In bluemix spark I want to use HiveContext
HqlContext = HiveContext(sc)
//some code
df = HqlContext.read.parquet("swift://notebook.spark/file.parquet")
I get following error
Py4JJavaError: An error occurred while calling o45.parquet. : java.lang.RuntimeException: java.lang.RuntimeException: Unable to instantiate org.apache.hadoop.hive.metastore.HiveMetaStoreClient
The HiveContext is not included by default in the Bluemix Spark offering.

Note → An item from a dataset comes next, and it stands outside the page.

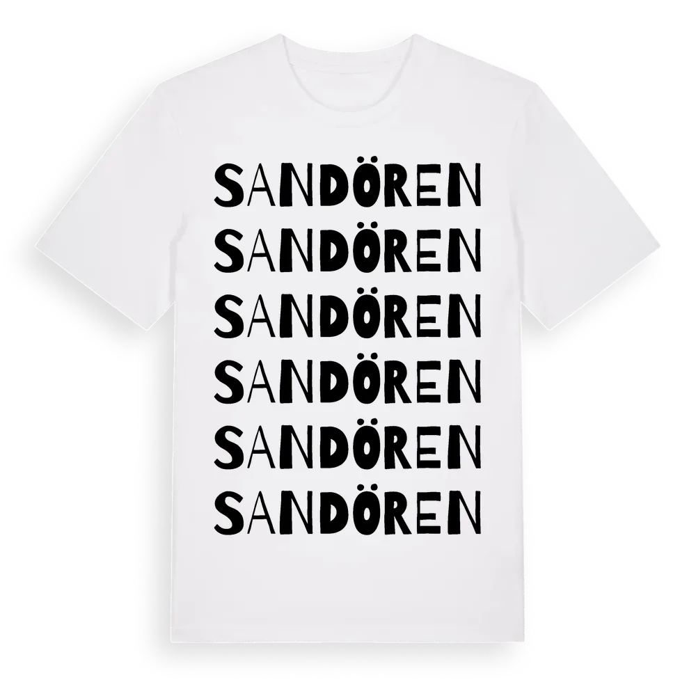 En ordlek byggd på Sandörens namn. Subtilt och klurig – ett motiv som bara de som verkligen känner platsen fullt ut förstår. Premium bomull, unisex – från Sandören i Stockholms län.
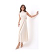 Eteği Volanlı Uzun Elbise Kırık Beyaz

To include it in your notebook, you should be able to use %AddJar to load it from a publicly accessible server, e.g.:
%AddJar http://my.server.com/jars/spark-hive_2.10-1.5.2.jar
You can also point this at Maven's repository link:
%AddJar http://repo1.maven.org/maven2/org/apache/spark/spark-hive_2.10/1.5.2/spark-hive_2.10-1.5.2.jar
val hiveContext = new org.apache.spark.sql.hive.HiveContext(sc)
This works to enable the Hive Context for me.
Now, it's worth noting that the latest available versions on Maven probably don't line up with the current version of Spark running on Bluemix, so my suggestion is to check the version of Spark on Bluemix by using:
sc.version
Then match the version of this JAR to that version of Spark.